Everyone likes to see proof of their progress, especially children who are learning to read. With this chart, children can keep track of how many books they’ve read. As an added plus, they are invited to rate each book. Did they love it or was it just so-so? It’s never too soon to encourage budding book reviewers!

 

How to Use This Printout

More Ideas to Try

 

How to Use This Printout

  1. Print out the chart and explain how it works. If possible, let the child fill in some or all the written information needed for each book (title, author, illustrator, and date read). It’s a good lesson in finding the title, the author, and illustrator before filling in the chart. Where are they? On the book cover and in the beginning pages.

  2. Even the littlest readers will be able to circle the stars to rate the book. But before you begin circling, help the child figure out what he or she liked and didn’t like. Did he or she understand what was happening in the story? Were there too many unfamiliar words? Not enough pictures? Was the topic just not interesting enough?

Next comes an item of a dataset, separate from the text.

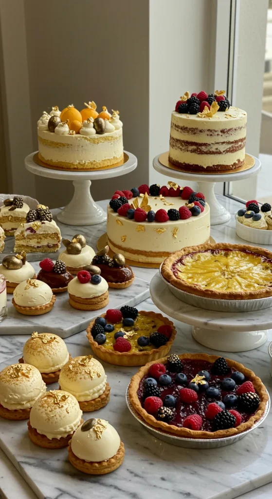 Instead of hiding desserts in the kitchen, display them beautifully. Use cake stands or tiered trays. Sprinkle powdered sugar for a snowy effect and decorate with cranberries for color.

  3. Help the child decide how to rank the books. The chart says one star means “I didn’t like it”, two stars means “it was OK”, and three stars means “I liked it a lot.” But you and the child could decide to change these ratings with your own words. For example, one star could mean “not for me”, two could mean “pretty good”, and three could mean “awesome”.

  4. Talk about how long it will take for the child to fill in the chart. Set a realistic goal and place the chart in a prominent spot. When the chart is full of read books, give the child a reward. A trip to the library or bookstore and a bookmark craft might make a perfect postreading treat.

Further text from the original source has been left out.